Craft a story - use Incident Reviews, past notes and enrich with detail. Or just make it up.
Iterate and get feedback.
Observability: the Hard Parts - Peter Bourgon (Fastly)
Level up monitoring story at fastly
Senior engineering org, 120 engineers. Heterogeneous solutions throughout the organisation. Organic growth is good - up to a point.
Goals: are production systems healthy? if not why not?
Non goals: long term storage, replacing logging. (Observed metric usage VERY different from self-reported usage)
Strategy: prometheus, add instrumentation, curate new set of dashboards and alerts, run in parallel to build confidence, decom old systems.
Rollout: Inventory all services. Rank by criticality & friendliness.
Embedded expert model. Pair with responsible engineer to get migration done. Hour or two of pair programming. Let documentation emerge naturally. Deploy prometheus, plumb service into prometheus (time consuming).
Technical autonomy is a form of technical debt. Focus on local vs. global optimization.
Dashboards and alerts. Import from other systems. Make sure to only build things in service to original goals. Reduce, keep high level views.
Some services, ownership can be indistinct. Senior leadership needed to wield stick, need their buy in.
Warning: This Talk Contains Content Known to the State of California to Reduce Alert Fatigue - Aditya Mukerjee (Stripe)
We can learn from clinical healthcare
Alert Fatigue - frequency/severity - causes responder to ignore or make mistakes
Decision Fatigue - frequency/complexity of decision points, causes person to avoid devices or make mistakes
Certain patterns of alerts and decisions contribute disproportionately to fatigue. Multiple false positives for an individual patient, impacts that alert over all patients.
Reduce alert fatigue: STAT. Supported, Trustworthy, Actionable, Triaged.
Supported: who owns this alert? Responders should own, or feel ownership over end result.
Trustworthy: do I trust this alert to notify me when a problem happens? stays silent with all is well? give sufficient information to diagnose problems?

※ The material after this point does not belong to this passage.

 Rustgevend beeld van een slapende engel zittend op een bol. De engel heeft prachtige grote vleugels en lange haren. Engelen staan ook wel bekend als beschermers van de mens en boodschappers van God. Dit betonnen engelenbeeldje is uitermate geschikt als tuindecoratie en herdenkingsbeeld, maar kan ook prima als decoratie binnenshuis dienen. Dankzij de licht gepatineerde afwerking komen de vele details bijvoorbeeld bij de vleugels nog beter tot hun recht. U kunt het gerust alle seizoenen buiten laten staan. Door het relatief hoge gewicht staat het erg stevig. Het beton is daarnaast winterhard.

Anomaly detection: if you don’t understand why an alert triggered, you don’t understand if it’s real.
Actionable: One decision require to respond. Alerts difficult to action are ignored. Make alerts specific, add decision trees. Alerts must have a specific owner.
Triaged: Triage alerts. Type should reflect urgency. Urgency can change. Commonly understood tiers. Regular re-evaluation process.

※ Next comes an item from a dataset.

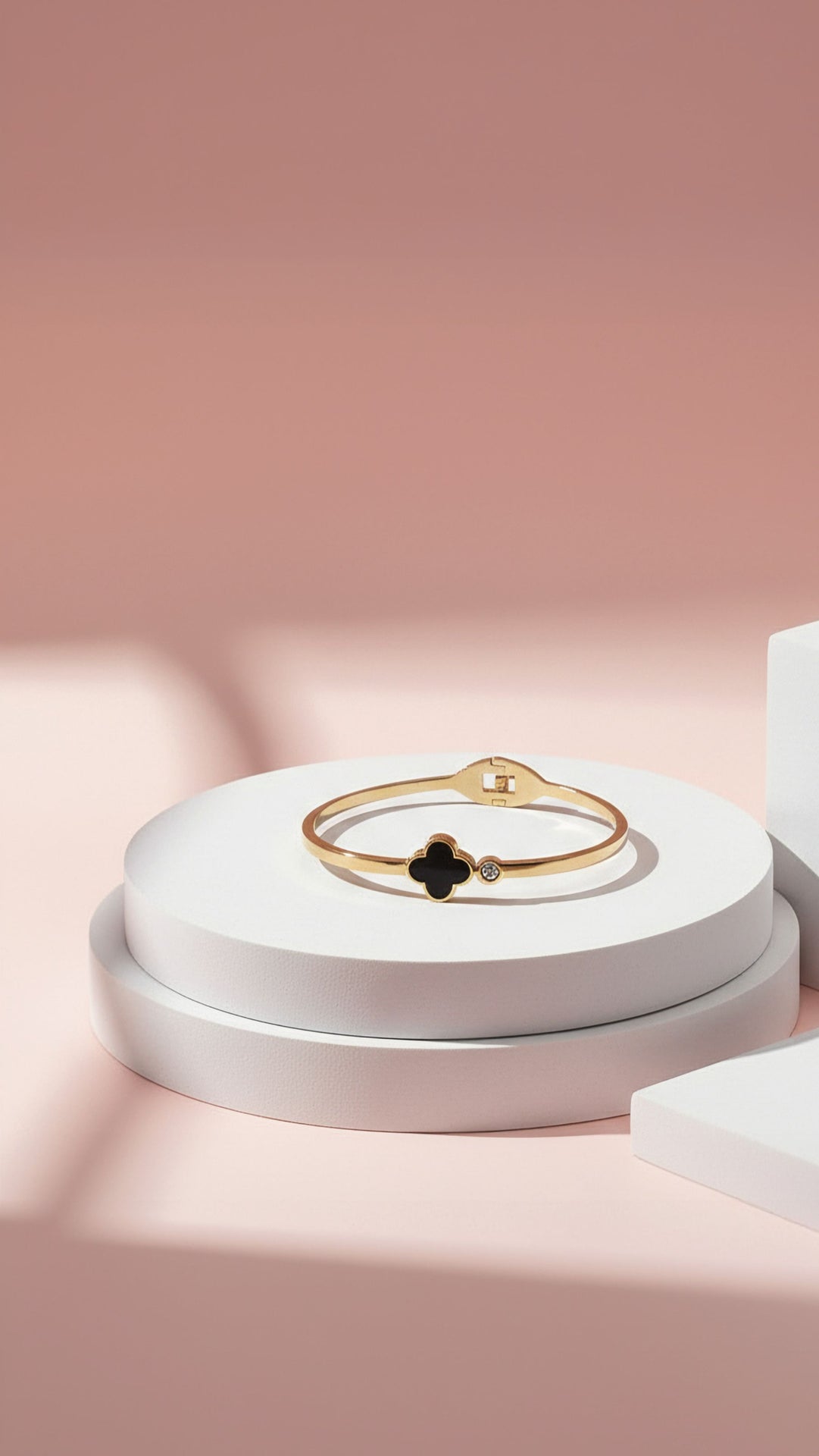 Stainless Steel Clover Round Cut Crystal Stacking Bangle

Twitter has a big monitoring system and migrating was hard
Justin Reynolds, Netflix - Intuition Engineering at Netflix
Discussed problems at Netflix that regions were siloed, they worked on serving users out of any region.
To fail regions, need to scale up other regions to server all traffic
Dashboards, good at looking back, but need to know now. How to provide intuition of the now?

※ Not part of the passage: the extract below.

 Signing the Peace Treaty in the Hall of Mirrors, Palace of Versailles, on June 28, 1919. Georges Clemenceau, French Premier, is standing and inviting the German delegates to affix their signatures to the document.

Created vizceral - see the blog post for screenshots & video: http://techblog.netflix.com/2015/10/flux-new-approach-to-system-intuition.html
Brian Brazil, Robust Perceiver - Prometheus
Prometheus is a TSDB offering ‘whitebox monitoring’ for looking inside applications. supports labels, alerting and graphing are unified, using the same language.
Pull based system, links into service discovery. HTTP api for graphing, supports persistent queries which are used for alerting.
Provides instrumentation library, incredibly simple to instrument functiions and expose metrics to prometheus. Client libraries don’t tie you into prometheus - can use graphite.
Can use prometheous as a clearing house to translate between different data formats.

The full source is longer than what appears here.